-- DESCRIPTION OF THE TASK --
Retype the whole listing exactly. Leave out pictures.

-- STORED DATA --

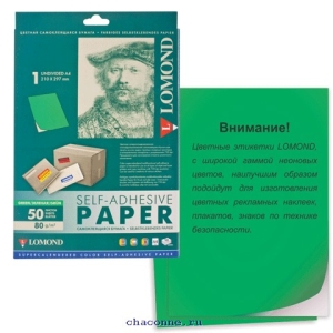Бумага-этикетка самокл неон А4 210х297 мм зеленая
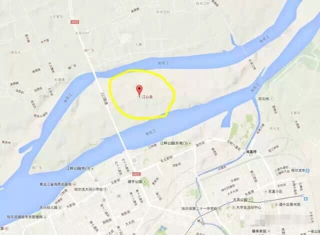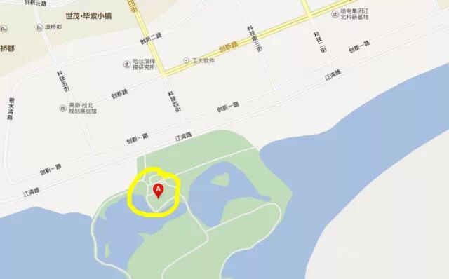 从道外走江畔路在松浦大桥右转,右侧即是江心岛。
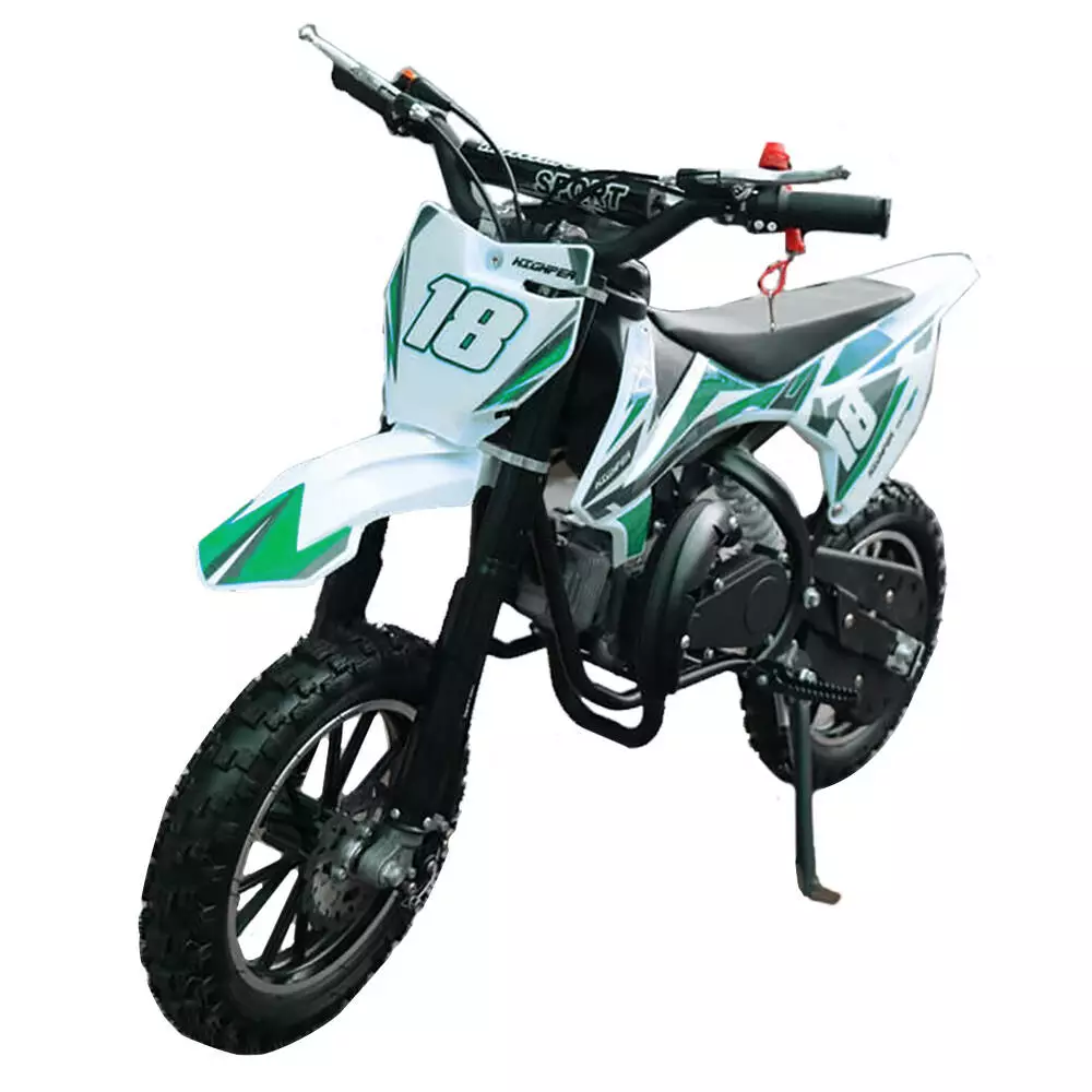 Опис Пітбайк бензиновий FORTE DB01 Зелений Кросовий одномісний бензиновий пітбайк FORTE DB01 підходить для підлітків зростом 120-150 см. 1-циліндровий, 2-х тактний, бензиновий двигун об'ємом 49 см3 з повітряне охолодження.Гідравлічне дискове переднє і гідравлічне дискове заднє гальмо забезпечує безпечний рівень їзди. Коробка передач автомат. Особливості: новий дизайн аварійне вимикання двигуна дискові гальма зарядний пристрій повітряне охолодження

-- ANSWER TO THE PROBLEM --
Бумага-этикетка самокл неон А4 210х297 мм зеленая
 从道外走江畔路在松浦大桥右转,右侧即是江心岛。
 Опис Пітбайк бензиновий FORTE DB01 Зелений Кросовий одномісний бензиновий пітбайк FORTE DB01 підходить для підлітків зростом 120-150 см. 1-циліндровий, 2-х тактний, бензиновий двигун об'ємом 49 см3 з повітряне охолодження.Гідравлічне дискове переднє і гідравлічне дискове заднє гальмо забезпечує безпечний рівень їзди. Коробка передач автомат. Особливості: новий дизайн аварійне вимикання двигуна дискові гальма зарядний пристрій повітряне охолодження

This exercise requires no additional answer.